Des armées nationales sous pression constante

La principale contrainte réside dans la surcharge des forces armées nationales de chaque État membre. Chaque nation africaine composant l’alliance est déjà confrontée à des menaces sécuritaires intenses sur son propre sol :

  • Au Mali : L’armée malienne et ses partenaires sont principalement engagés dans la sécurisation du Nord et du Centre du pays face au JIM (Cadre stratégique permanent et groupes liés à Al-Qaïda).
  • Au Burkina Faso : Plus de la moitié du territoire demeure sous la pression incessante d’attaques terroristes récurrentes.
  • Au Niger : Les forces armées nigériennes doivent simultanément sécuriser la zone des trois frontières (Liptako-Gourma) face au Groupe de soutien à l’islam et aux musulmans (GSIM) et à l’État islamique au Grand Sahara (EIGS), tout en maintenant une vigilance accrue dans le bassin du lac Tchad.

Dans ce contexte difficile, aucun des trois États ne dispose de réserves stratégiques suffisantes pour projeter un contingent militaire significatif chez un voisin sans risquer de fragiliser son propre dispositif de défense nationale.

Les défis logistiques d’une force unifiée

Bien que la décision politique d’unifier les forces ait été prise lors des sommets de la Confédération de l’AES, la mise en œuvre pratique de cette force conjointe se heurte à des réalités matérielles complexes :

  • Interopérabilité et commandement : Coordonner des doctrines militaires distinctes et établir une chaîne de commandement intégrée et efficace demande un temps considérable et des réseaux de transmission sécurisés.
  • Support aérien et renseignement : La projection de troupes sur les vastes étendues du Sahel exige des moyens importants en transport blindé, en ravitaillement et en renseignement aérien (drones, aviation de chasse), des capacités qui restent limitées et fortement sollicitées au niveau local.

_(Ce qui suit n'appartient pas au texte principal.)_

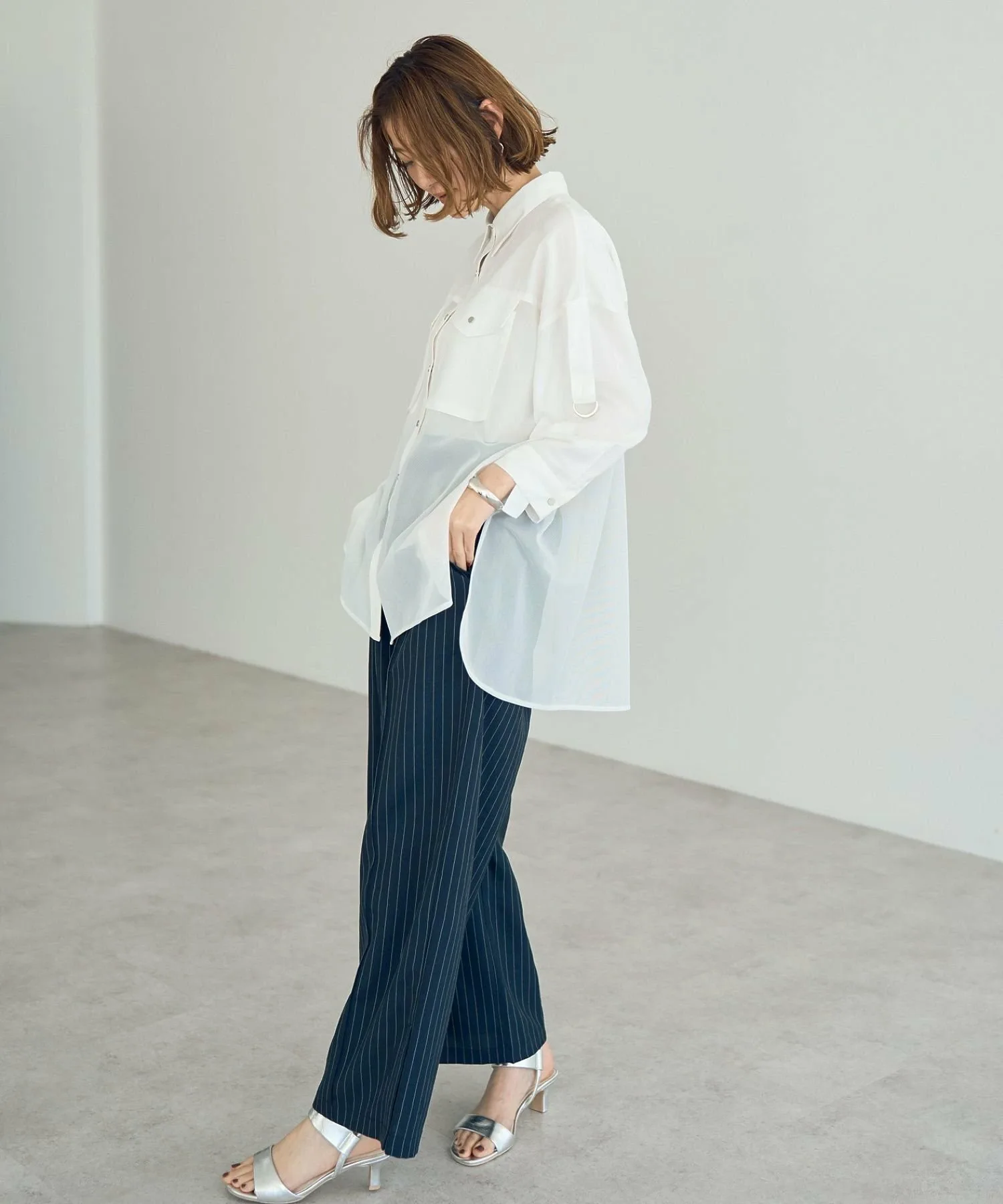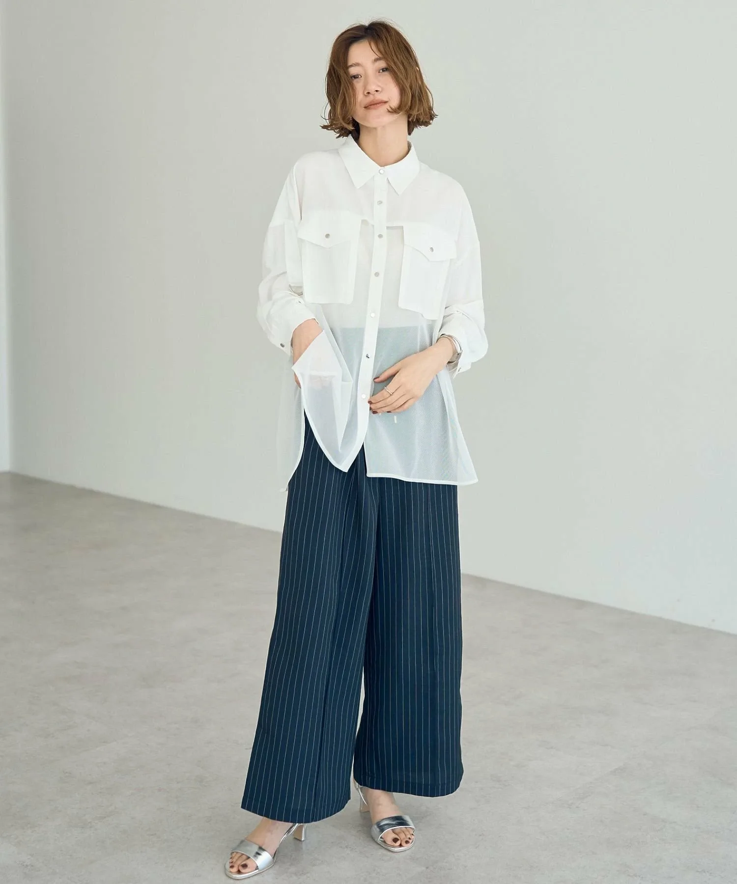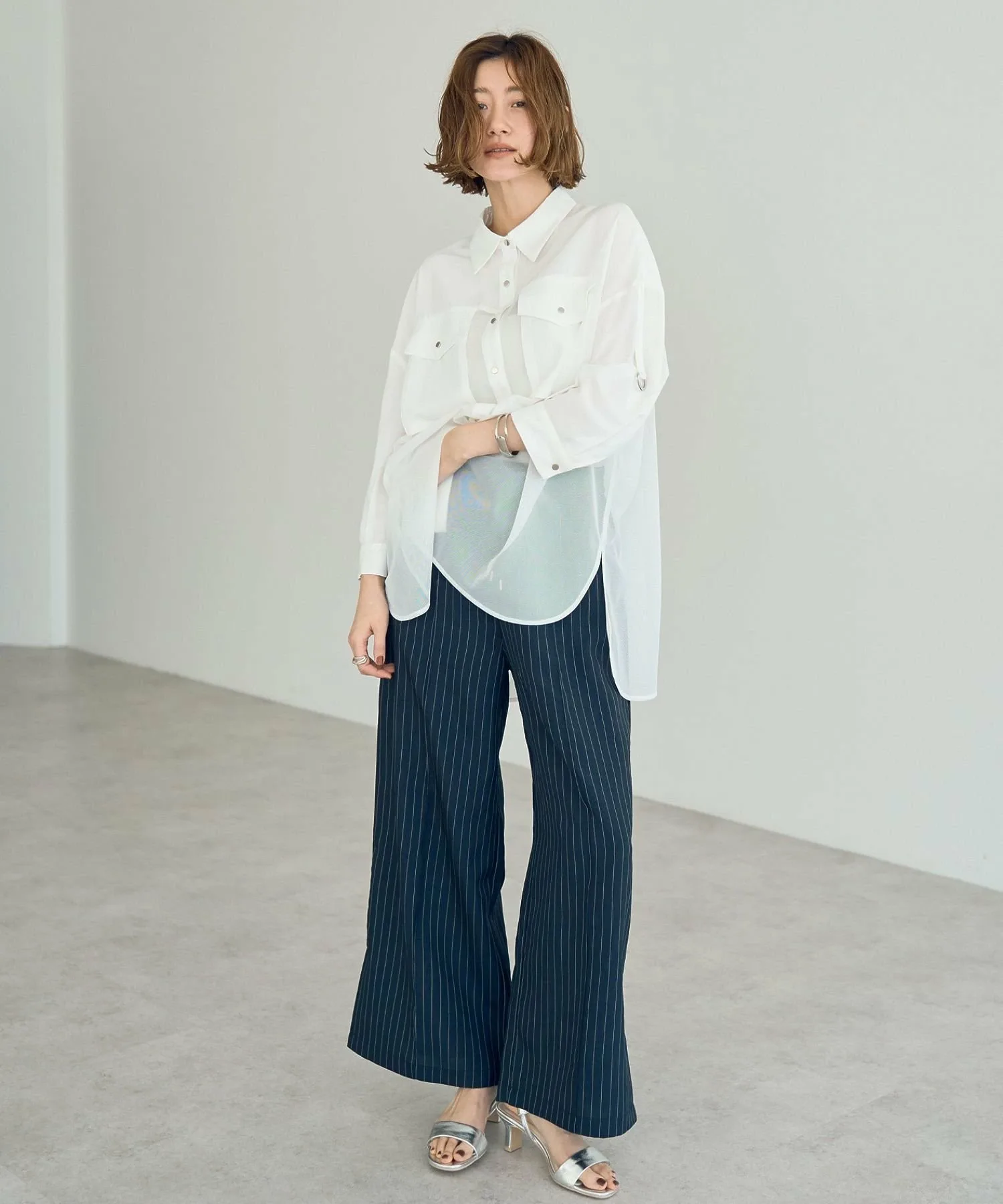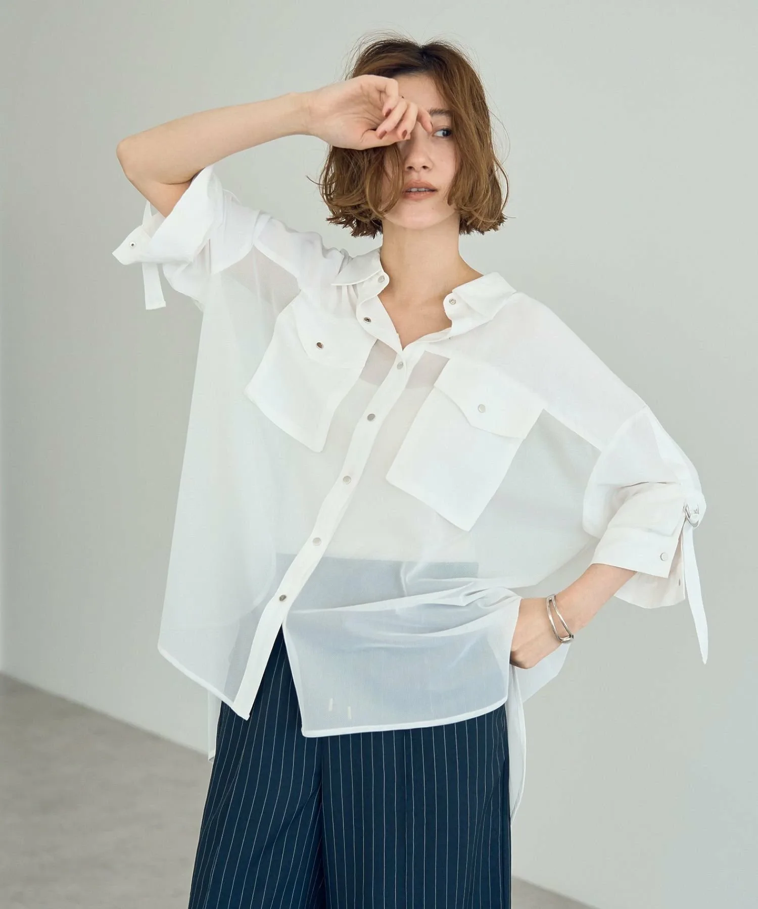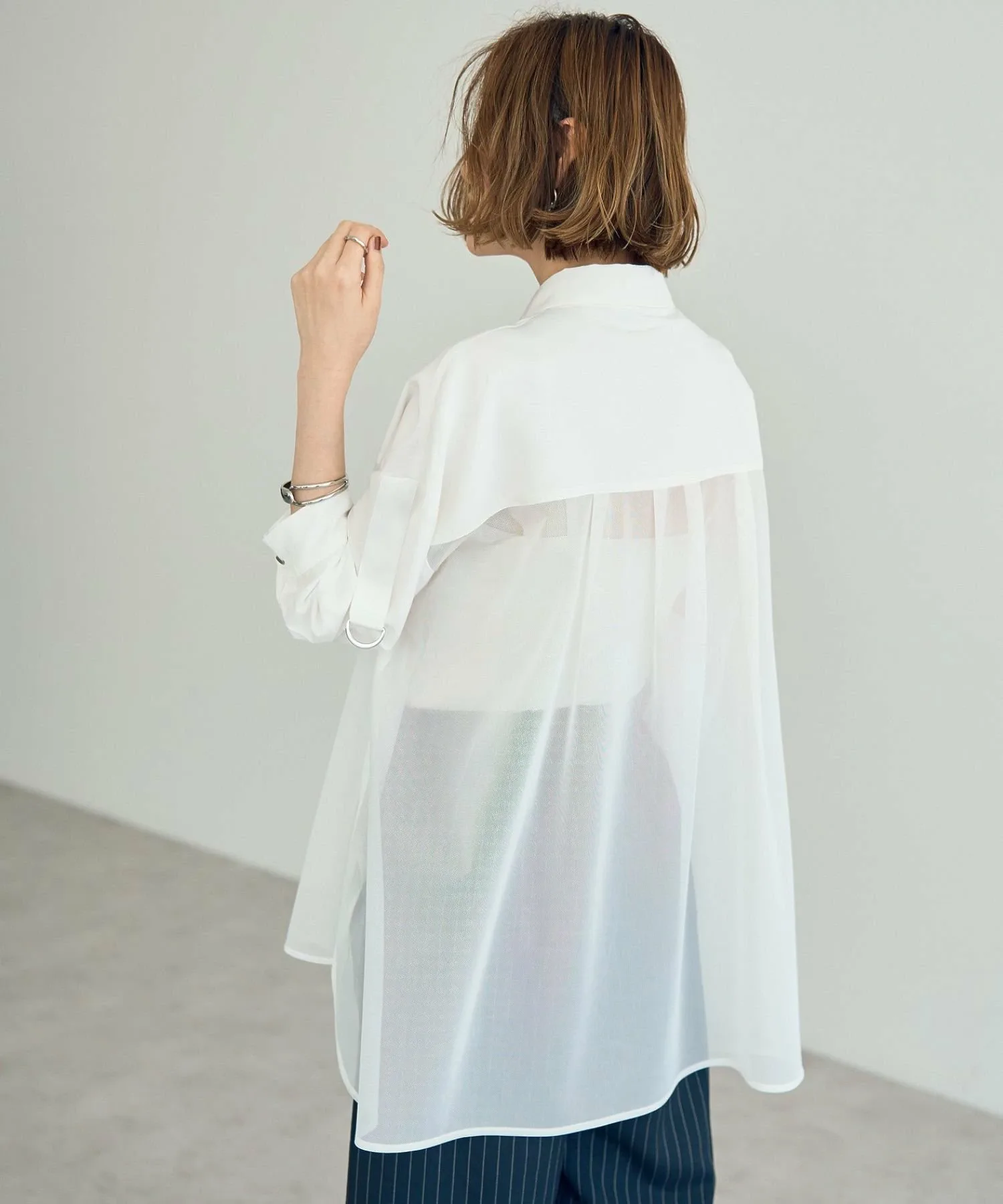 Рубашка из изысканной, слегка блестящей ткани в сочетании с сеткой.

Le rôle des partenaires extérieurs

Le retrait des forces militaires traditionnelles (notamment la France et la mission onusienne MINUSMA) a conduit les trois régimes militaires à réorienter leurs partenariats, notamment vers la Russie, avec le déploiement du corps paramilitaire Africa Corps. Cependant, ces forces d’appui sont principalement déployées dans le cadre de contrats bilatéraux et n’ont pas pour vocation première de mener des opérations transfrontalières sous la bannière de l’AES.

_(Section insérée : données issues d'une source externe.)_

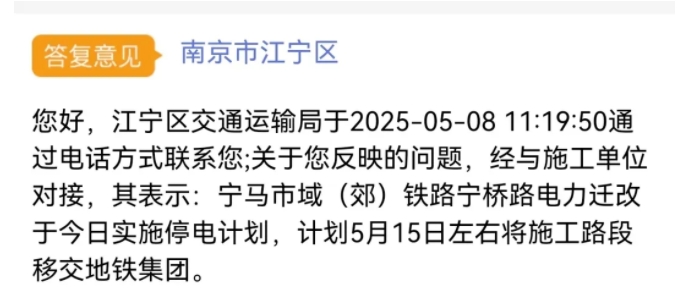 与此同时,有网友爆料:宁桥路站高压线迁改已经开始施工。江宁区运输局曾答复网友提问:宁马市域(郊)铁路宁桥路电力迁改于今日实施停电计划,计划5月15日左右将施工路段移交地铁集团。
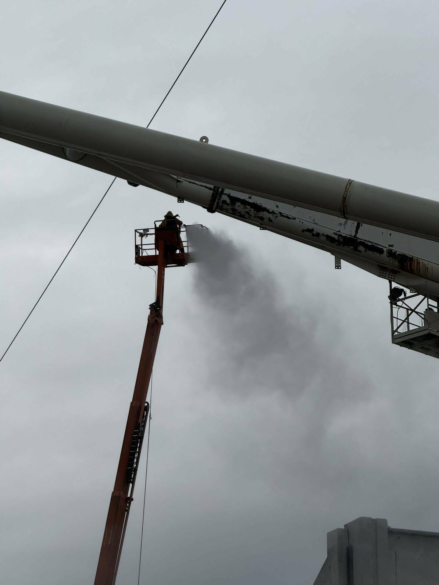 Παράλληλα, έχουν ξεκινήσει οι εργασίες υδροβολής στο κυρίως σώμα του στεγάστρου «Καλατράβα». Η διαδικασία περιλαμβάνει υδροβολή υψηλής πίεσης (Ultra High Pressure Water Jetting) με πίεση έως 2.500 bar, για την πλήρη απομάκρυνση παλαιών επιστρώσεων, οξειδώσεων και ρύπων από τις μεταλλικές επιφάνειες.
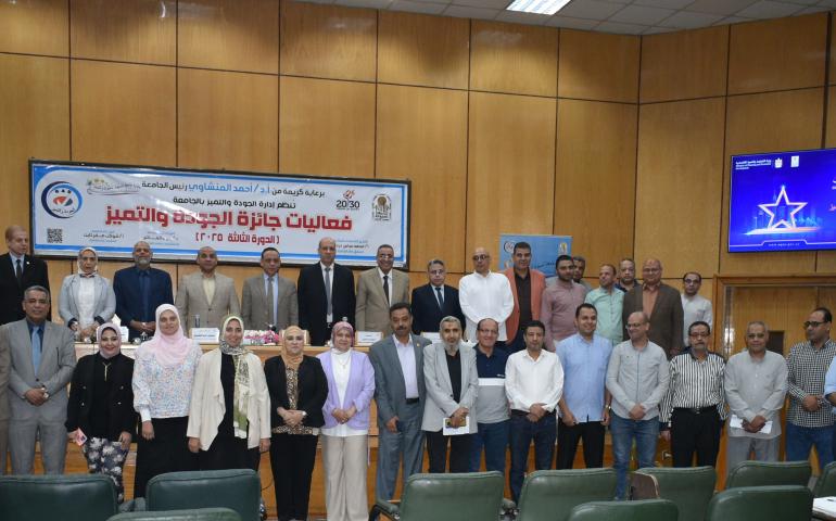 وأكد الدكتور المنشاوي، أن جائزة الجودة والتميز تعد إحدى الأدوات المؤسسية المهمة لترسيخ مفاهيم الجودة، وتعزيز التميز داخل الجامعة، مشيداً بورشة العمل التي تهدف إلى تعزيز الشفافية، وتكافؤ الفرص، من خلال توضيح معايير التقييم وآلياته لجميع المشاركين.
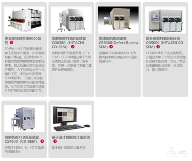 主要检测设备:半导体蚀刻系统 9000 系列:统一接口并且能够搭载高精度模块化的各种腔室,从而实现了对应最尖端器件的扩展性和柔软性的工艺;高解析度 FEB 测量装置 CG6300(HITACHI CD-SEM):通过电子光学系统的全新设计提高了解析度,并进一步提高了测量可重复性和图像画质;高速缺陷观测设备 CR6300(Defect Review SEM):运用 ADR 和高精度 ADC 来为提高良率做贡献的 Inline 缺陷观测 SEM。
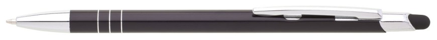 Tenká kovová propiska SOTTI s touch koncem v černé barvě s chromovými doplňky a třemi tenkými proužky. Náplň X-20, modře píšící.
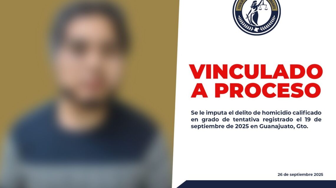 Guanajuato, Gto., a 26 de septiembre del 2025.- La Fiscalía General del Estado (FGE) informó que Emiliano “N” fue vinculado a proceso penal por su presunta participación en el delito de homicidio calificado en grado de tentativa.
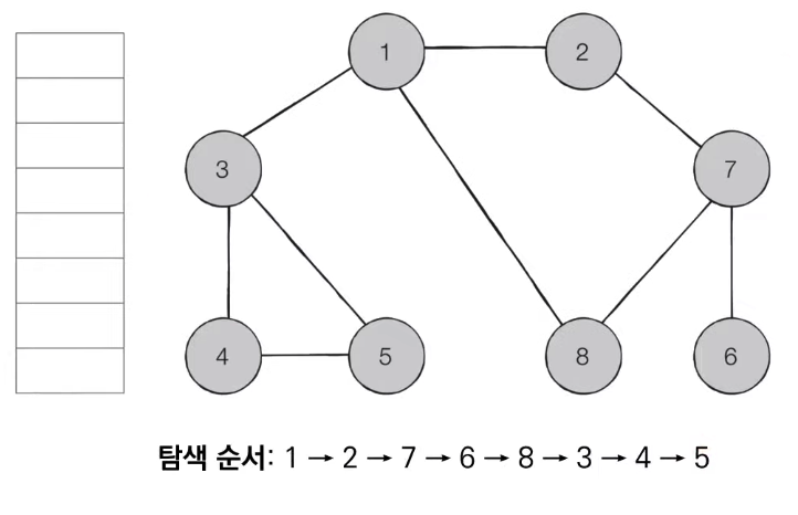 - 탐색 시작 노드를 스택에 삽입하고 방문 처리를 한다.

Un choix stratégique orienté vers le renseignement

Au-delà d’une projection de troupes de grande envergure, les autorités de l’AES mettent en avant une autre forme de coopération : le partage de renseignements et les opérations ciblées aux frontières. Pour les états-majors des nations africaines du Sahel, l’intervention ne se manifeste pas nécessairement par un déploiement massif et visible, mais plutôt par des actions coordonnées dans la zone des trois frontières, où chaque armée opère en priorité depuis son propre territoire pour une efficacité accrue.